These subtypes were identified from cluster analysis compared with controls (corrected for multiple comparisons using random field theory [RFT] at a vertex-wise significance level of p < 0.05). The results show the relationship between the 3 and 6 subtypes.
At the 4-cluster level (figure e-1A), the MT subtype (n = 52, 34.2%) and the P subtype (n = 28, ∼18.4%) that were identified at the 3-cluster level were unchanged. D subtype, however, was subdivided into 2 subtypes: the medial frontal/temporal subtype (MF subtype) in which the bilateral superior frontal gyrus and medial temporal areas were dominantly involved (n = 33, ∼21.7%); and the D subtype (n = 39, ∼25.7%).
At the 5-cluster level (figure e-1B), the MT (n = 52, ∼34.2%), P (n = 28, ∼18.4%), and MF (n = 33, ∼21.7%) subtypes identified at the 4-cluster level were unchanged. D subtype was subdivided into the frontoparietal subtype (FP subtype, n = 31, ∼20.4%) and the frontotemporal subtype (FT subtype, n = 8, ∼5.3%). The FP subtype involved the frontal and parietal areas diffusely. The FT subtype involved the temporal and inferior parietal area, and partially involved the frontal area.
Finally, at the 6-cluster level (figure 2B), the MT (n = 52, ∼34.2%), MF (n = 33, ∼21.7%), FP (n = 31, ∼20.4%), and FT (n = 8, ∼5.3%) subtypes were unchanged. The P subtype, however, was divided according to interhemispheric asymmetry: the left parietal–dominant subtype (LP subtype) in which the left inferior parietal, lateral temporal, and lateral frontal areas were dominantly involved, with relative sparing of the medial temporal area (n = 10, ∼6.6%); and the right parietal–dominant subtype (RP subtype) in which the right parietal, lateral temporal, and lateral frontal areas were dominantly involved (n = 18, ∼11.8%). Comparisons of cortical thickness among the 6 AD dementia subtypes confirmed that these subtypes were reliably distinguished (figure e-2).
Principal component analyses.
Details on how these subtypes were identified via principal component analyses are described elsewhere (figure e-3 and appendix e-5). The 3 subtypes identified via principal component analyses are presented in figure e-3.
Demographic and clinical characteristics among 3 subtypes of AD dementia.

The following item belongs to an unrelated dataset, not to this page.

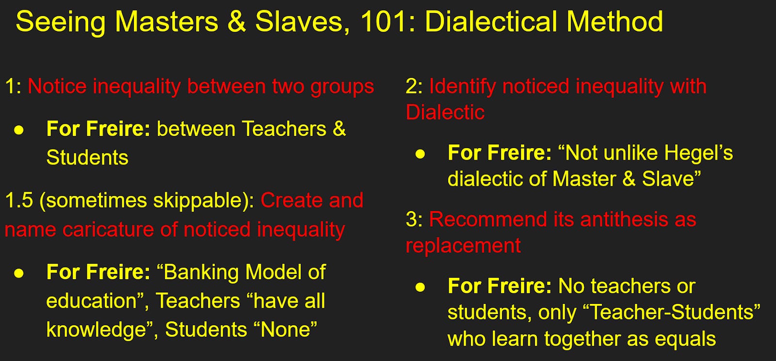 Step 2: Identify the named state of inequality as an expression of the Master-slave-dialectic or some variation of it. Freire made this easy for us by explicitly invoking Hegel’s dialectic, but nothing prevents analysis from doing it indirectly by invoking a concept developed with reference to the dialectic, like Marx’s capital. If we were to do this for Freire, we could describe the possession of knowledge as capital in this situation, owned by the teachers and rented out to the students, who lack the ability to capitalize on it.

The demographics of the 3 AD dementia subtypes and the NC group were compared (table 1). Among the 3 subtypes, patients in P subtype were the youngest, had the youngest age at onset, and had the highest number of education years. Meanwhile, patients in D subtype had the lowest mean cortical thickness (table 1).
Table 1.
Demographic and clinical characteristics of the study population
Cognitive characteristics among 3 subtypes of AD dementia.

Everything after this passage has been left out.